*EXERCISE*
Without the pictures, retype each line below exactly as it stands.

*DATASET SECTION*
· · · · ·

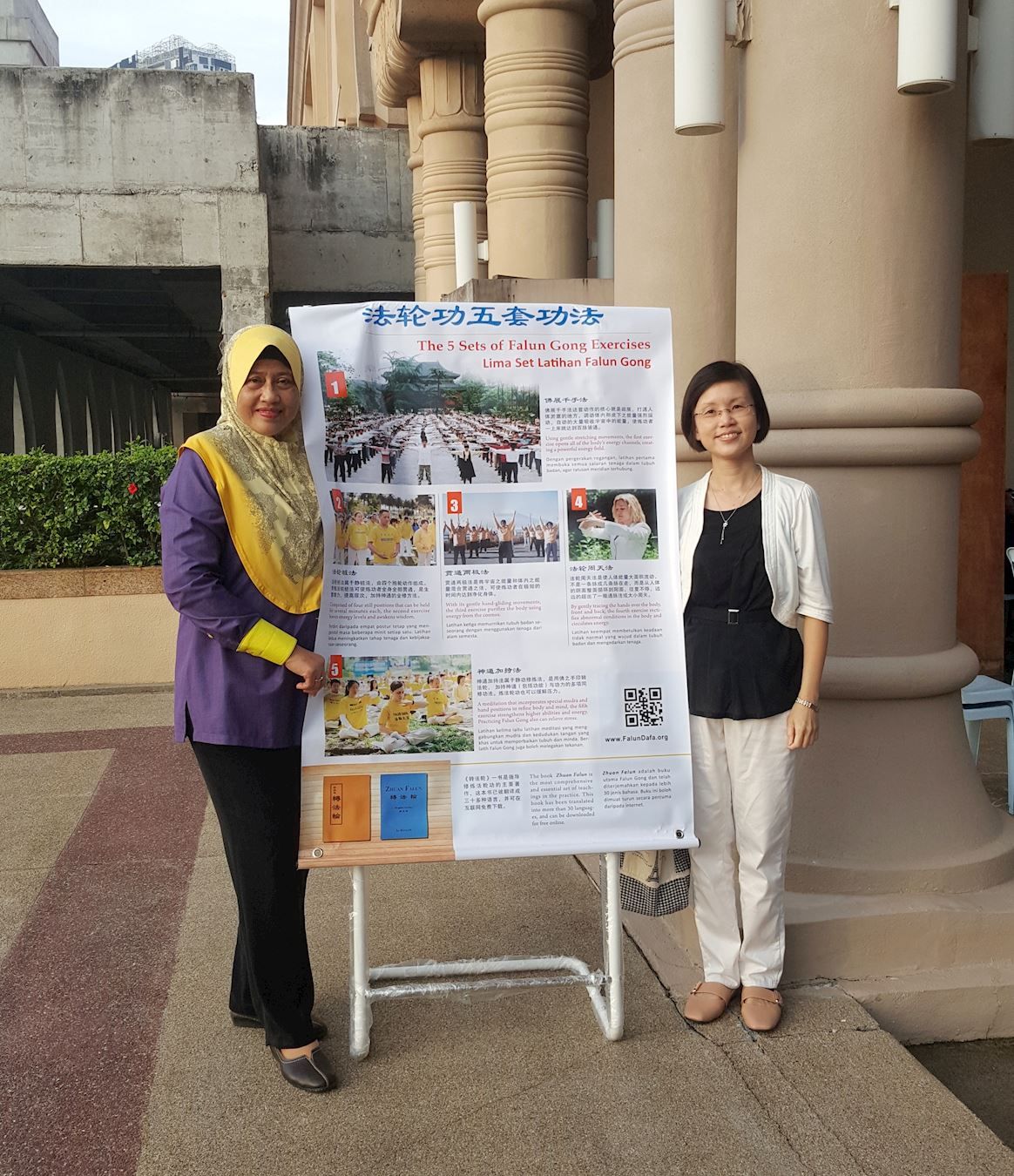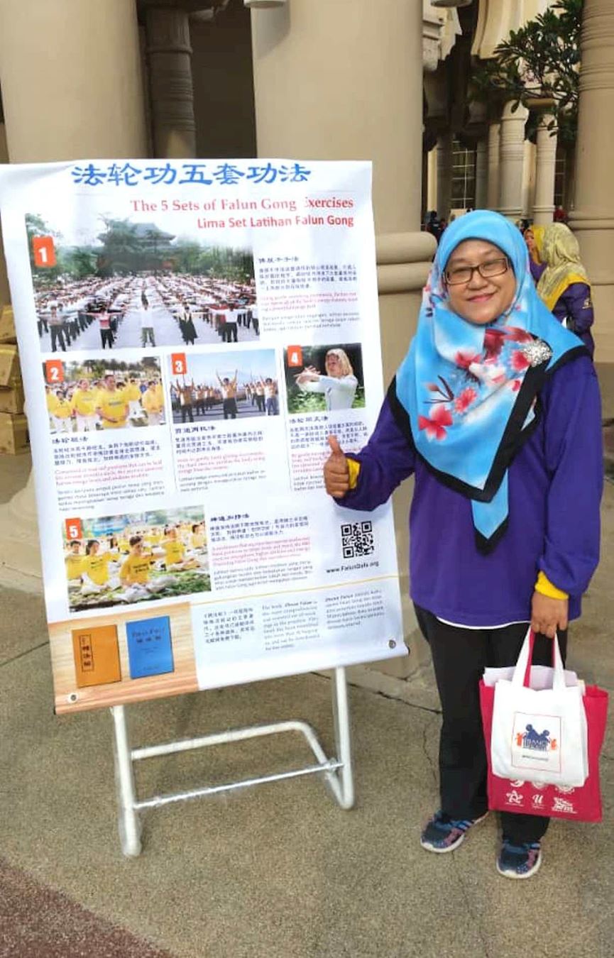 来自柔佛州巴西古当苏丹依布拉欣理工学院(Politeknik Ibrahim Sultan, Pasir Gudang)今年44岁的Azlinda女士,由于抵达现场较迟,在大家学炼第四套功法时才参与进来炼。她分享道,这是一项很好的健康活动,虽然只炼了几分钟,但她已感觉有些能量,觉得非常好,并要求在“法轮大法”横幅前拍照留念。她也表示会浏览法轮大法网站,希望能了解更多。
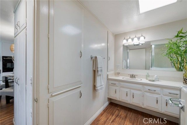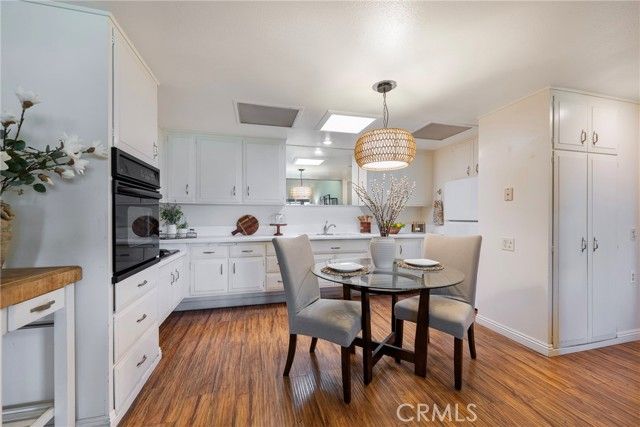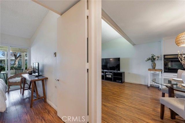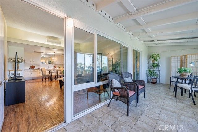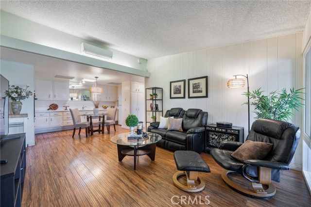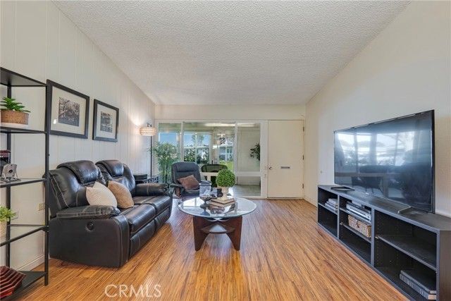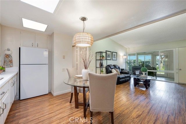 Welcome to this bright and spacious home in the desirable 55+ guard-gated community of Leisure World Seal Beach. The living room features dramatic vaulted ceilings, creating an open and airy feel rarely found in these units. Natural light fills the home through skylights in both the kitchen and bathroom, enhancing the warm and inviting atmosphere. The kitchen offers white laminate countertops and a flexible breakfast nook area, perfect for a dining table or a future kitchen island. A permitted enclosed patio provides valuable additional living space, ideal for a reading room, office, or hobby area. Residents enjoy access to an incredible array of amenities including a 9-hole golf course, swimming pool and spa, fitness center, clubhouses, library, art and woodworking studios, gardening plots, shuttle service, and more than 160 social clubs and activities. Ideally located just minutes from Seal Beach, shopping, dining, and medical facilities, this home offers comfortable living in one of Orange County's most established active adult communities.
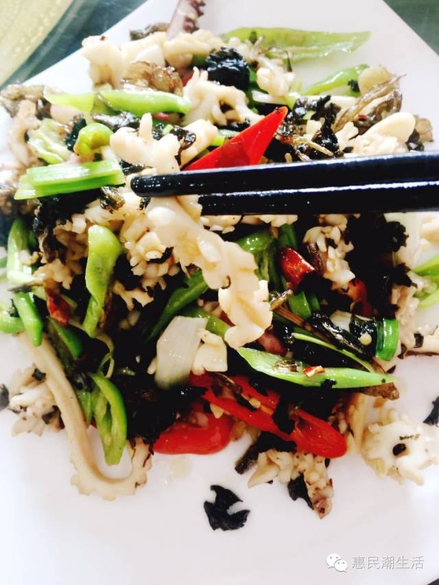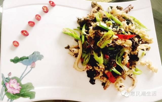 在嘴里一直嚼啊嚼,嘎嘣嘎嘣脆,很香,越嚼越觉得好吃呢,再加上红绿辣椒的搭配,辣味适中,很有鲁菜的特点,这道菜是美食君今天品尝的菜里最合胃口的一道呢,你们也可以去尝尝呀!

· · · · ·

*REPLY TO THE TASK*
 来自柔佛州巴西古当苏丹依布拉欣理工学院(Politeknik Ibrahim Sultan, Pasir Gudang)今年44岁的Azlinda女士,由于抵达现场较迟,在大家学炼第四套功法时才参与进来炼。她分享道,这是一项很好的健康活动,虽然只炼了几分钟,但她已感觉有些能量,觉得非常好,并要求在“法轮大法”横幅前拍照留念。她也表示会浏览法轮大法网站,希望能了解更多。
 Welcome to this bright and spacious home in the desirable 55+ guard-gated community of Leisure World Seal Beach. The living room features dramatic vaulted ceilings, creating an open and airy feel rarely found in these units. Natural light fills the home through skylights in both the kitchen and bathroom, enhancing the warm and inviting atmosphere. The kitchen offers white laminate countertops and a flexible breakfast nook area, perfect for a dining table or a future kitchen island. A permitted enclosed patio provides valuable additional living space, ideal for a reading room, office, or hobby area. Residents enjoy access to an incredible array of amenities including a 9-hole golf course, swimming pool and spa, fitness center, clubhouses, library, art and woodworking studios, gardening plots, shuttle service, and more than 160 social clubs and activities. Ideally located just minutes from Seal Beach, shopping, dining, and medical facilities, this home offers comfortable living in one of Orange County's most established active adult communities.
 在嘴里一直嚼啊嚼,嘎嘣嘎嘣脆,很香,越嚼越觉得好吃呢,再加上红绿辣椒的搭配,辣味适中,很有鲁菜的特点,这道菜是美食君今天品尝的菜里最合胃口的一道呢,你们也可以去尝尝呀!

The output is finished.